Not every cook has a baking stone, but I am advised that all the best ones do. In case you regard yourself as a good cook, but have no baking stone, this is not the time or place to confess. The others don't need to know. I have my own personal baking stone, if that proves anything. It was given to me by a friend who guaranteed it would help make me a better cook. In all fairness, it has not made me any worse. Last nite it helped me bake six biscuits that I discovered in my freezer.
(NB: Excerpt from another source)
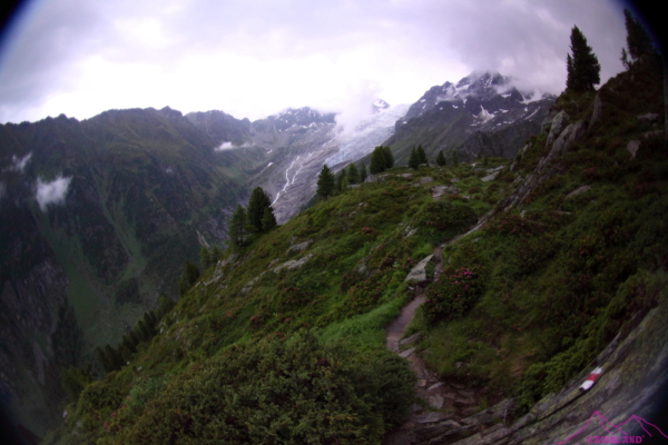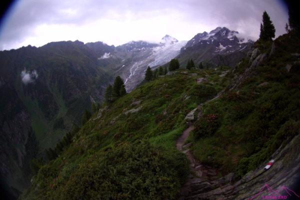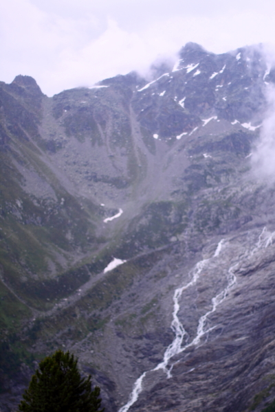 Llego a la cabaña Dessus, está frente al Glaciar du Trient, efectivamente ahí está la pareja, sorpendidos de verme y sin hablar ningún idioma que no sea el francés…Me dicen que NO SE PUEDE DORMIR…UFFFFF….Qué bajón!!! Me comentan que puedo ir al Col de la Forclaz, a más de 2h y perdiendo camino respecto al día siguiente…o también puedo ir a un vivac, pero sin saber el sitio exacto ni el nombre; esto no me lo esperaba, relleno en una fuente, que hay al lado de la cabaña, el bidón; tiro para abajo rápido, no quiero perder más tiempo en una cabaña preciosa pero lo único que iba a conseguir es sacarme dinero con alguna consumición… se ha puesto a llover fuerte, muy fuerte, bajo a resbalones, tropezones, empapado, los pies como los lagos de Covadonga y las piernas algo cansadas, es un camino muy empinado, difícil y escurridizo, no para de llover y cada vez con más fuerza, un par de caídas, la segunda algo más dura, me deja la pierna dolorida, unido a las ortigas que acompañan la bajada y los pies soltando agua, no es mi mejor día…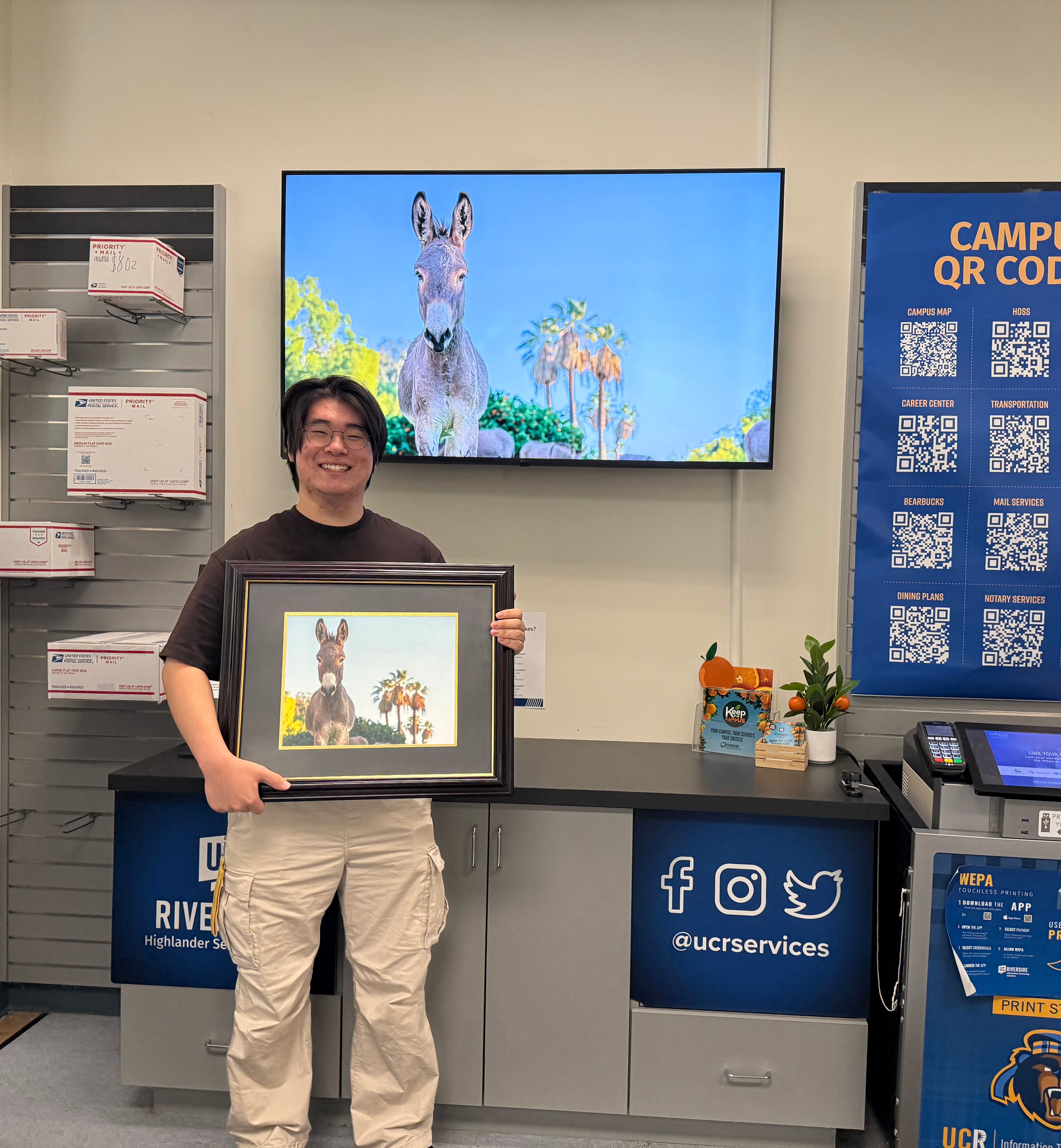 UC Riverside first-year business student Dennis Cha was selected as the winner of the 2025 R’Card photo contest on March 12. His winning image, which features a burro in front of palm trees under a blue sky, will be printed on thousands of new R’Cards distributed to students, staff, and faculty for the 2025-26 academic year.

Without going into detail, when done the biscuits were softer than the baking stone, but not a whole lot softer. Not nearly soft enough to eat, anyway. I fished the bag from the trash can and discovered that the 'use by' date was early in 2015. That hit me pretty hard, and I began to wonder if anything in the freezer was still fit to eat.

My daughters bring me food items, worrying that I eat too many sandwiches and too much cereal. In the freezer there are packets of fish filets, drippy beef for sandwiches, gumbo, taco soup and several things on which the printing has faded away. They have all been stashed there for me to prepare and eat at my leisure. I suspect my leisure has come and gone. I will hate to lie to my girls.

The TV is chock-a-block with ads for medicines I never heard of; stuff with weird names I can't pronounce. Ask your doctor if this is right for you, we are urged, but watch out for all these terrible things that might happen to you. I suppose the government requires them to do it, but you know they must hate it. First the pitch and then the warning.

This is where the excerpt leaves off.